*WHAT TO PRODUCE*: Beginning at the line containing "Sveriges flagga Oscar", repeat each line below exactly up to and including the line containing "23Selling a Starr". Do not repeat the pictures.
----- INPUT RECORDS
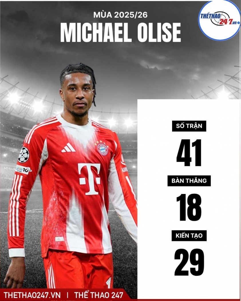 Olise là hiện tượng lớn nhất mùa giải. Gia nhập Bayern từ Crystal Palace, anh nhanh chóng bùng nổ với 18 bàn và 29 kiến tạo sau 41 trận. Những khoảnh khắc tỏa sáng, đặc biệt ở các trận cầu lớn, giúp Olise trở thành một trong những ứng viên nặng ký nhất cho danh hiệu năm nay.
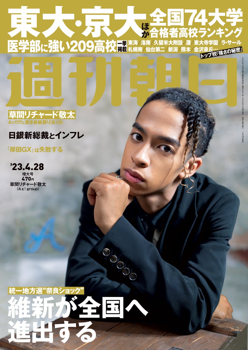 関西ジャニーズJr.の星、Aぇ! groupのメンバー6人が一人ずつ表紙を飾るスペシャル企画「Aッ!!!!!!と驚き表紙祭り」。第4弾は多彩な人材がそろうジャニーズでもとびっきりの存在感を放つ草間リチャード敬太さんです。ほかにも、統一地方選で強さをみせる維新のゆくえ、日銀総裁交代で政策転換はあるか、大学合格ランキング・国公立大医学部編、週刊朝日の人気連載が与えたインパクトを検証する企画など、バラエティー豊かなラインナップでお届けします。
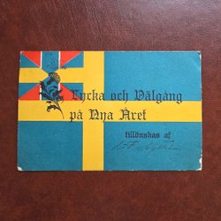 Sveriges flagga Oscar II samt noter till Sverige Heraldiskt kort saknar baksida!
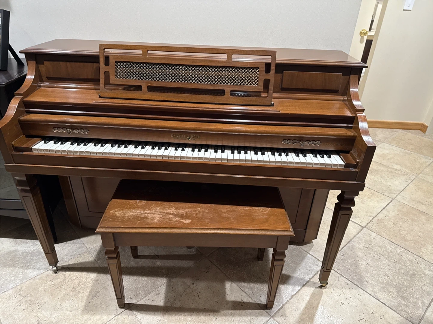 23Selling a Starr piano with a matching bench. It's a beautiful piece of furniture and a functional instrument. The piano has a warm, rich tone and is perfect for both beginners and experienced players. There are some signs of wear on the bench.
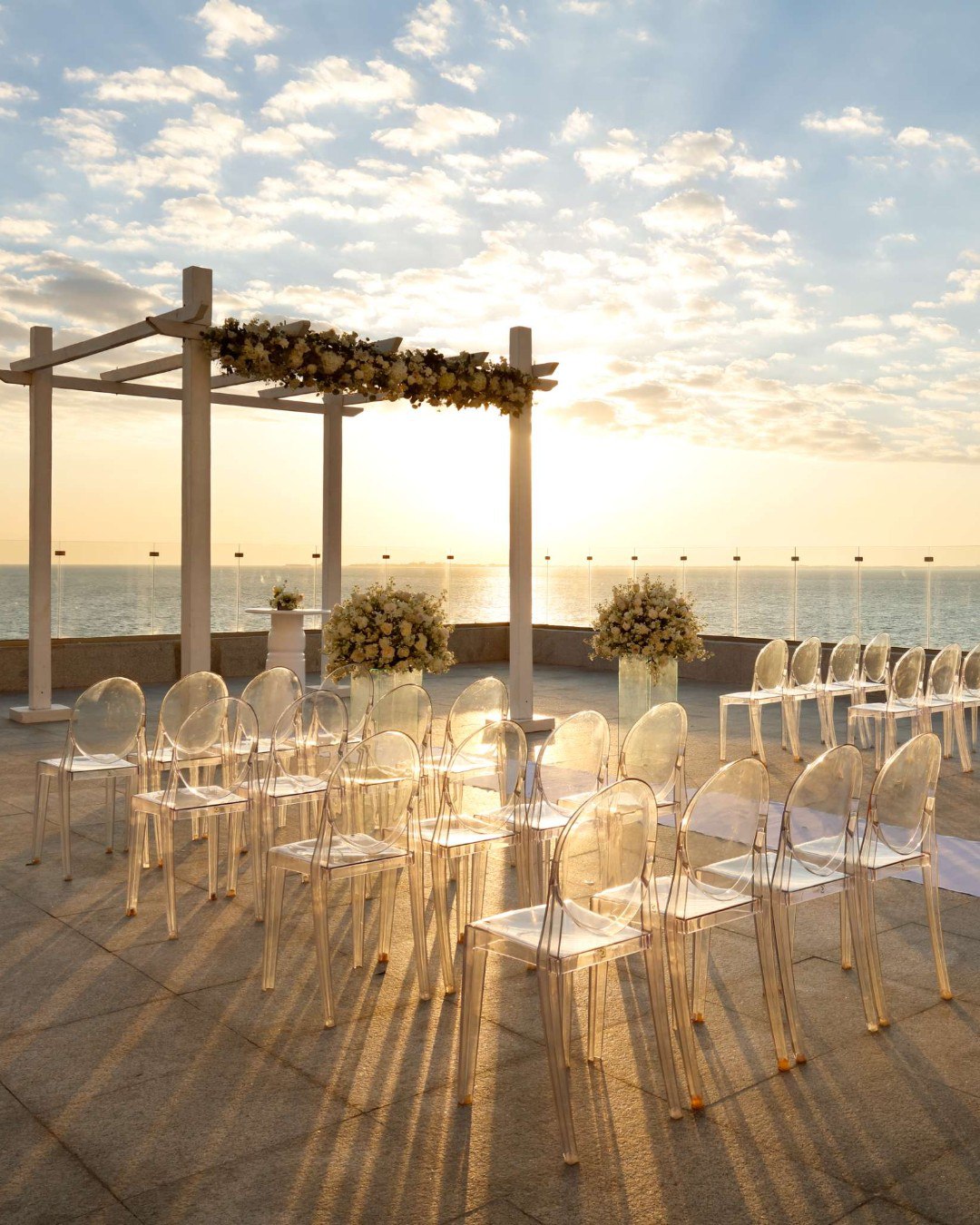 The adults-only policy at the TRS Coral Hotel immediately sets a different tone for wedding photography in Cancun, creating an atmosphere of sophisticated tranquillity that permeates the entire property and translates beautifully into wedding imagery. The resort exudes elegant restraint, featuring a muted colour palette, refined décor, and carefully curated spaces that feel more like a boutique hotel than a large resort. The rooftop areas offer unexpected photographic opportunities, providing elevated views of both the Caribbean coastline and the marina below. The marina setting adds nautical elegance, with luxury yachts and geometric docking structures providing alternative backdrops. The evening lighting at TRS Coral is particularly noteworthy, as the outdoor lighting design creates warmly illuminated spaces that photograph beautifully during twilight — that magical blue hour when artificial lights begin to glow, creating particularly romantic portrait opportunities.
----------
*COMPLETED TASK*:
 Sveriges flagga Oscar II samt noter till Sverige Heraldiskt kort saknar baksida!
 23Selling a Starr piano with a matching bench. It's a beautiful piece of furniture and a functional instrument. The piano has a warm, rich tone and is perfect for both beginners and experienced players. There are some signs of wear on the bench.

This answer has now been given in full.